### Activity
Write the data out again exactly, with no pictures.

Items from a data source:
==================================================
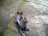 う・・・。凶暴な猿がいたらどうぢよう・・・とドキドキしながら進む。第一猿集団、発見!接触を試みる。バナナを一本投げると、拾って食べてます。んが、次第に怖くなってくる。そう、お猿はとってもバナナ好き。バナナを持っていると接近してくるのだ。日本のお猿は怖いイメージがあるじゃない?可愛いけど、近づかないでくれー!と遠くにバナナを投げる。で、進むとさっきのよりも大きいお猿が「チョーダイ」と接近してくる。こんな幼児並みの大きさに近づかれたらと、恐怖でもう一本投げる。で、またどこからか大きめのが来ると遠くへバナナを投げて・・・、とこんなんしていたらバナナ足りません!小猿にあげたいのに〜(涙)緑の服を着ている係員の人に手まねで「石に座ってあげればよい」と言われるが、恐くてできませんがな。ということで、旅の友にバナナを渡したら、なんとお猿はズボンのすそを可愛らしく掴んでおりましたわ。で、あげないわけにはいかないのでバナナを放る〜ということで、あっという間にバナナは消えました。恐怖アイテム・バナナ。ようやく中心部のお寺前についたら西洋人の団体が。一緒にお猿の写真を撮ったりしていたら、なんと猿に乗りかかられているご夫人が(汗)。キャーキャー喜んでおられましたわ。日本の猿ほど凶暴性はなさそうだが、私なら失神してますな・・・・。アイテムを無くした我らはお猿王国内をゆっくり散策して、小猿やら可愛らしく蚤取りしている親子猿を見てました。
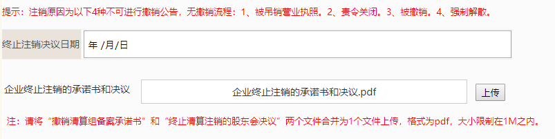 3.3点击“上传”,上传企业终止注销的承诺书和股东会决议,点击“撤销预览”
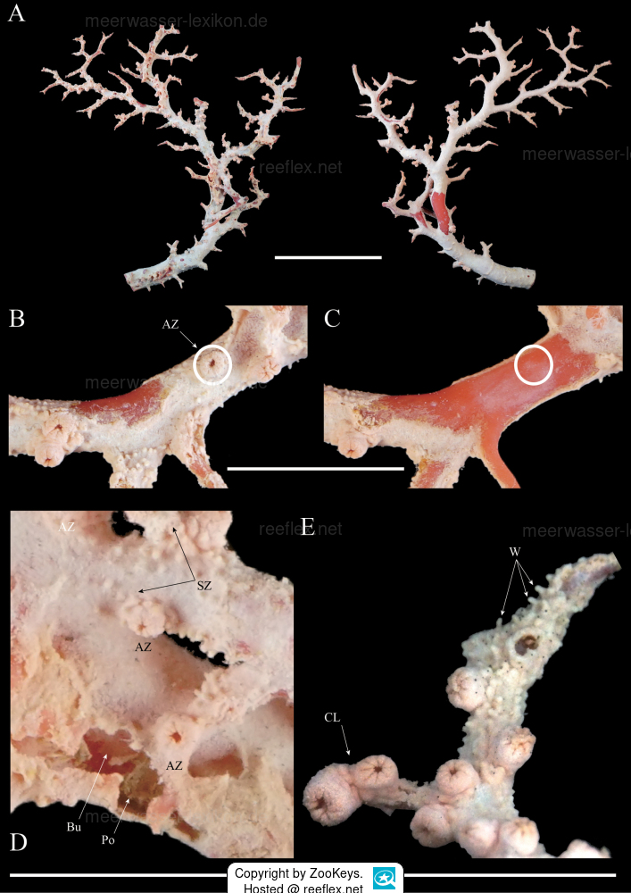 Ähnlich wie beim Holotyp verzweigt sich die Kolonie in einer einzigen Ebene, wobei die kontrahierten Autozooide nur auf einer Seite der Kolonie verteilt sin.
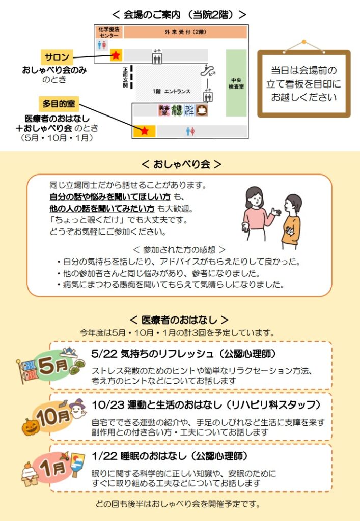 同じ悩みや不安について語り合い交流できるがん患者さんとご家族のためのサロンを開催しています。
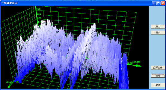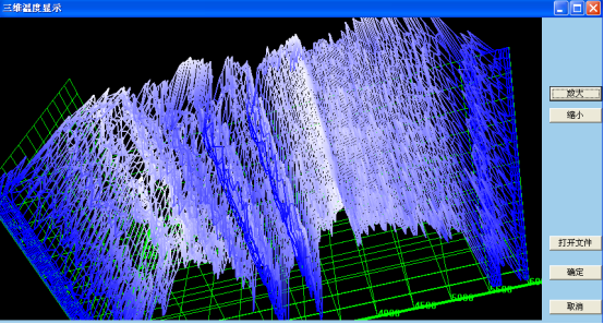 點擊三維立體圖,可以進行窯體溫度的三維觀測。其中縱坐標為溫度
==================================================
### Solution to this problem
 う・・・。凶暴な猿がいたらどうぢよう・・・とドキドキしながら進む。第一猿集団、発見!接触を試みる。バナナを一本投げると、拾って食べてます。んが、次第に怖くなってくる。そう、お猿はとってもバナナ好き。バナナを持っていると接近してくるのだ。日本のお猿は怖いイメージがあるじゃない?可愛いけど、近づかないでくれー!と遠くにバナナを投げる。で、進むとさっきのよりも大きいお猿が「チョーダイ」と接近してくる。こんな幼児並みの大きさに近づかれたらと、恐怖でもう一本投げる。で、またどこからか大きめのが来ると遠くへバナナを投げて・・・、とこんなんしていたらバナナ足りません!小猿にあげたいのに〜(涙)緑の服を着ている係員の人に手まねで「石に座ってあげればよい」と言われるが、恐くてできませんがな。ということで、旅の友にバナナを渡したら、なんとお猿はズボンのすそを可愛らしく掴んでおりましたわ。で、あげないわけにはいかないのでバナナを放る〜ということで、あっという間にバナナは消えました。恐怖アイテム・バナナ。ようやく中心部のお寺前についたら西洋人の団体が。一緒にお猿の写真を撮ったりしていたら、なんと猿に乗りかかられているご夫人が(汗)。キャーキャー喜んでおられましたわ。日本の猿ほど凶暴性はなさそうだが、私なら失神してますな・・・・。アイテムを無くした我らはお猿王国内をゆっくり散策して、小猿やら可愛らしく蚤取りしている親子猿を見てました。
 3.3点击“上传”,上传企业终止注销的承诺书和股东会决议,点击“撤销预览”
 Ähnlich wie beim Holotyp verzweigt sich die Kolonie in einer einzigen Ebene, wobei die kontrahierten Autozooide nur auf einer Seite der Kolonie verteilt sin.
 同じ悩みや不安について語り合い交流できるがん患者さんとご家族のためのサロンを開催しています。
 點擊三維立體圖,可以進行窯體溫度的三維觀測。其中縱坐標為溫度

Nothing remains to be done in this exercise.